DIRECTIONS: Exact reproduction of the data is required, with images excluded.

SOURCE RECORDS:

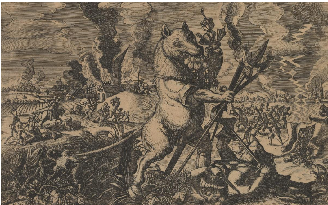
Abbildung des unbarmhertigen, abscheulichen, grausam- und gewrelichen Thiers ( http://digital.slub-dresden.de/id334171156 )

Bedrohlich ruht ein echsenartiges Monstrum auf den Ruinen einer zerstörten und geplünderten Stadt. Dampf dringt aus seinen Nüstern und die linke der gepanzerten Vorderpranken liegt auf einer scheinbar leblosen Frau, einem erdolchten Mann und getötetem Nutzvieh. Neben der schrecklichen Szene lässt sich ein Söldner erkennen, der durch seine hochgezogenen Schultern und nach oben weisenden Handflächen sichtlich unschlüssig, vielleicht auch unbeeindruckt wirkt. Die Szene stammt aus einem wahrscheinlich in der Mitte des Dreißigjährigen Krieges entstandenen Flugblatt und stellt den Konflikt als unzählbare, tierische Bestie dar, die brutale Gewalt gegenüber unschuldigen Zivilisten übt. 1
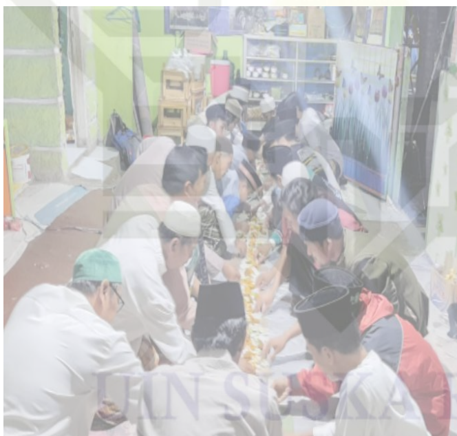
Gambar 7. Makan bersama setelah pelaksanaan pembacaan kitab simtuddurror
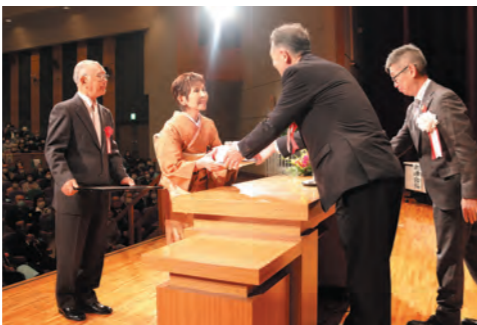
金婚式夫婦の表彰
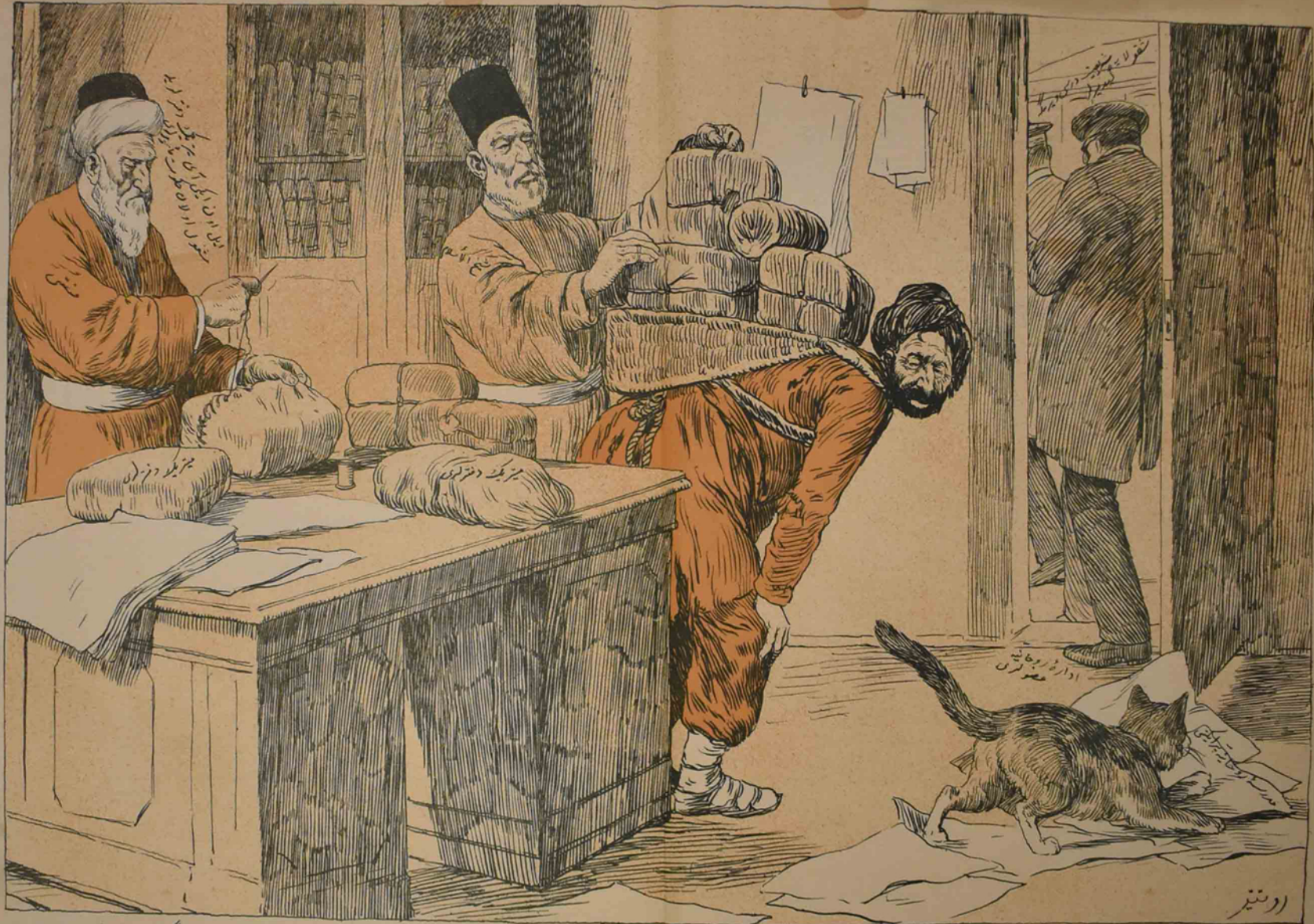
کیم اثبات ایست که بر اداره روحانیه ترک بزه ایگی چیک مک خیری وارد - اوگا بزرگ دزدان لای بیش ایل پول سز گونده ره ریک.

© 1910 Издательство И.И. Република И.И. Караджали

RESULT:
Abbildung des unbarmhertigen, abscheulichen, grausam- und gewrelichen Thiers ( http://digital.slub-dresden.de/id334171156 )

Bedrohlich ruht ein echsenartiges Monstrum auf den Ruinen einer zerstörten und geplünderten Stadt. Dampf dringt aus seinen Nüstern und die linke der gepanzerten Vorderpranken liegt auf einer scheinbar leblosen Frau, einem erdolchten Mann und getötetem Nutzvieh. Neben der schrecklichen Szene lässt sich ein Söldner erkennen, der durch seine hochgezogenen Schultern und nach oben weisenden Handflächen sichtlich unschlüssig, vielleicht auch unbeeindruckt wirkt. Die Szene stammt aus einem wahrscheinlich in der Mitte des Dreißigjährigen Krieges entstandenen Flugblatt und stellt den Konflikt als unzählbare, tierische Bestie dar, die brutale Gewalt gegenüber unschuldigen Zivilisten übt. 1
Gambar 7. Makan bersama setelah pelaksanaan pembacaan kitab simtuddurror
金婚式夫婦の表彰
کیم اثبات ایست که بر اداره روحانیه ترک بزه ایگی چیک مک خیری وارد - اوگا بزرگ دزدان لای بیش ایل پول سز گونده ره ریک.

© 1910 Издательство И.И. Република И.И. Караджали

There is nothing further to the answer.